Анатомически они ничем не отличаются от нас. Просто их кожа не умеет поглощать силу Солнца. А наша – умеет. Другой разницы нет; отчего же тогда мы должны прятаться?
Я быстро донёс её до дома, а внутри – положил на кровать и укрыл одеялами.
Меховых одеял, самых лучших, у меня в доме достаточно; за годы бродяжничества я позаимствовал у троглодитов множество превосходных соболиных и беличьих шуб; девушка должна была быстро отогреться.
Где находится моё укрывище и как оно выглядит – не скажу; даже намёка не сделаю.
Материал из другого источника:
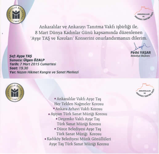 7. KONSERİNİ: ''Ayşe TAŞ ve Koroları'' adıyla Dünya Kadınlar Günü kapsamında 07 Mart 2015 tarihinde Nazım Hikmet Kongre ve Sanat Merkezinde verdi.
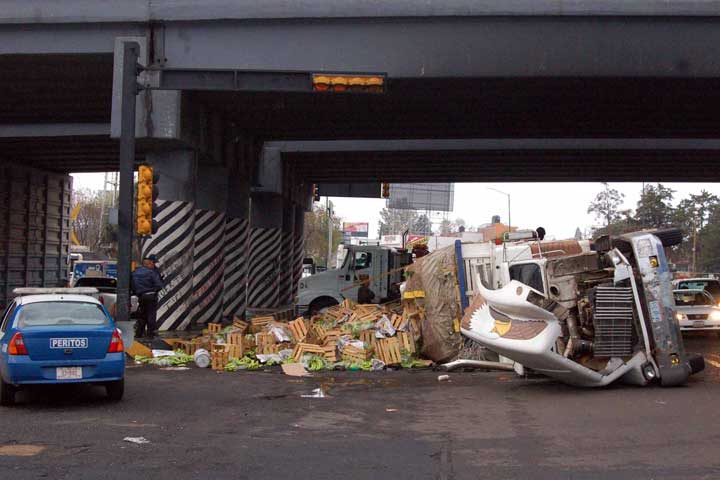 Un camión que trasladaba 25 toneladas de plátano, procedente de Tierra Caliente, volcó en la avenida Morelos Norte, de Morelia, justo debajo del puente vehicular del Periférico Revolución.

Я изгой, я прячусь. И дом мой – тоже спрятан. И каждые полгода, а то и чаще, я перебираюсь на новое место. Скажу только, что ничего особенного в доме нет. Пожитков – никаких, кроме десятка упомянутых меховых одеял. А ценности – золото, серебро и самоцветы – я всегда ношу на руках и на шее. То, что не могу нести на себе, – храню в тайниках.
Короче говоря, вы меня не найдёте, даже если очень захотите.
Закутав гостью одеялами и погладив по спине, для успокоения, я снял с себя панцирь, перевёл дух – и полез к ней.
Обычно после полёта все они пребывают в глубокой прострации и с трудом могут шевелиться. Некоторые – прошу прощения – даже непроизвольно мочатся, но я ничего против этого не имею, наоборот: естественные отправления сближают.
Из-под беличьих одеял ударил мне в нос её запах.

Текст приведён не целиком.